# Lego set analysis
This is the weekly brief where we'll try with just vanilla Python load a dataset and answer some questions:
- How many sets have been released during the year 2000?
- Which theme has more sets - City or Star Wars?
- What is the average (mean) amount of pieces in a set (excluding sets without pieces)?
- What are the top 10 themes containing the most sets?

## 1. Load and parse the CSV
In order to get the data in a format to work with we'll open the CSV file and use the built-in DictReader to convert it into a list of dictionaries.

In [1]:
import csv
from pprint import pprint

with open("lego_sets.csv", encoding="utf8") as csvfile:
    # DictReader returns a generator which means it will read the file line by line.
    # We want to go through the entire file and convert it into a list so that we can use it.
    # That's why we wrap it in `list()`    
    data = list(csv.DictReader(csvfile))
    
pprint(data[0])

{'Availability': '{Not specified}',
 'Category': 'Normal',
 'Current_Price': '',
 'Minifigures': '',
 'Name': 'PreSchool Set',
 'Num_Instructions': '0',
 'Owned': '10.0',
 'Packaging': '{Not specified}',
 'Pieces': '16.0',
 'Rating': '0.0',
 'Set_ID': '75-1',
 'Subtheme': '',
 'Theme': 'PreSchool',
 'Theme_Group': 'Pre-school',
 'Total_Quantity': '',
 'USD_MSRP': '',
 'Year': '1975'}


## 2. Transforming
Looking at the data sample above we see that everything is a string. In order to make things easier to work with let's do some transformation of the data and convert it into the right data types.

In [2]:
for lego_set in data:
    if lego_set["Pieces"]:
        lego_set["Pieces"] = float(lego_set["Pieces"])
        

## 3. Analysis
Now we can start doing some analysis.

### 3.1 How many sets have been released during the year 2000?

In [3]:
# Using a simple for-loop

count_2000 = 0

for lego_set in data:
    if lego_set["Year"] == "2000":
        count_2000 += 1
        
print(count_2000)

384


In [4]:
# Using a filtered list

filtered_data = [lego_set for lego_set in data if lego_set["Year"] == "2000"]

print(len(filtered_data))

384


In [5]:
# Using a defaultdict to group by year

from collections import defaultdict

group_by_year = defaultdict(int)

for lego_set in data:
    group_by_year[lego_set["Year"]] += 1
    
print(group_by_year["2000"])

384


### 3.2 Which theme has more sets - City or Star Wars?

In [6]:
# Using a simple for-loop

count_city = 0
count_starwars = 0

for lego_set in data:
    if lego_set["Theme"] == "City":
        count_city += 1
    elif lego_set["Theme"] == "Star Wars":
        count_starwars += 1
        
print(count_city)
print(count_starwars)

770
723


In [7]:
# Using a defaultdict to group by theme

from collections import defaultdict

group_by_theme = defaultdict(int)

for lego_set in data:
    group_by_theme[lego_set["Theme"]] += 1
    
print(f"Lego City - {group_by_theme['City']} sets")
print(f"Lego Star Wars - {group_by_theme['Star Wars']} sets")

Lego City - 770 sets
Lego Star Wars - 723 sets


### 3.3 What is the average (mean) amount of pieces in a set (excluding sets without pieces)?

In [8]:
# Using a for-loop

sum_pieces = 0
count_pieces = 0

for lego_set in data:
    if lego_set["Pieces"]: # Exclude all sets with no pieces defined
        sum_pieces += lego_set["Pieces"]
        count_pieces += 1

print(sum_pieces / count_pieces)

238.15334197088637


In [9]:
# Using a filtered list

filtered_data = [lego_set["Pieces"] for lego_set in data if lego_set["Pieces"]]
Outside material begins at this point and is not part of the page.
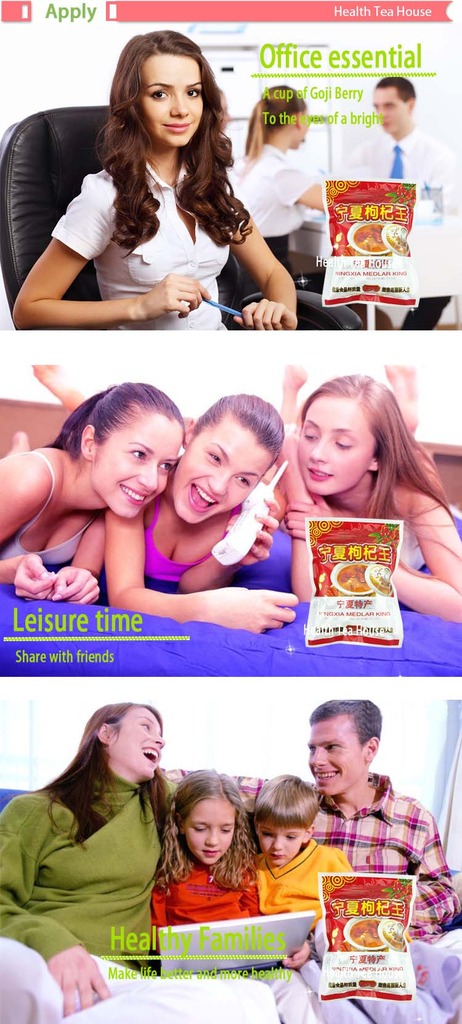 Goji has very much good functions to our body. It nourishes the liver and brightens the eyes, tonifys kidney,enriches blood and calm nerves and etc.

sum_pieces = sum(filtered_data)
count_pieces = len(filtered_data)

print(sum_pieces / count_pieces)

238.15334197088637


### 3.4 What are the top 10 themes containing the most sets?

In [10]:
from collections import defaultdict

group_by_theme = defaultdict(int)

for lego_set in data:
    group_by_theme[lego_set["Theme"]] += 1
    
sorted_themes = sorted(group_by_theme.items(), key=lambda x: x[1], reverse=True)

for theme, count in sorted_themes[:10]:
    print(f"{theme} - {count}")

Duplo - 1278
Gear - 1232
Collectable Minifigures - 804
City - 770
Star Wars - 723
Town - 648
Creator - 528
Technic - 481
Friends - 429
Basic - 402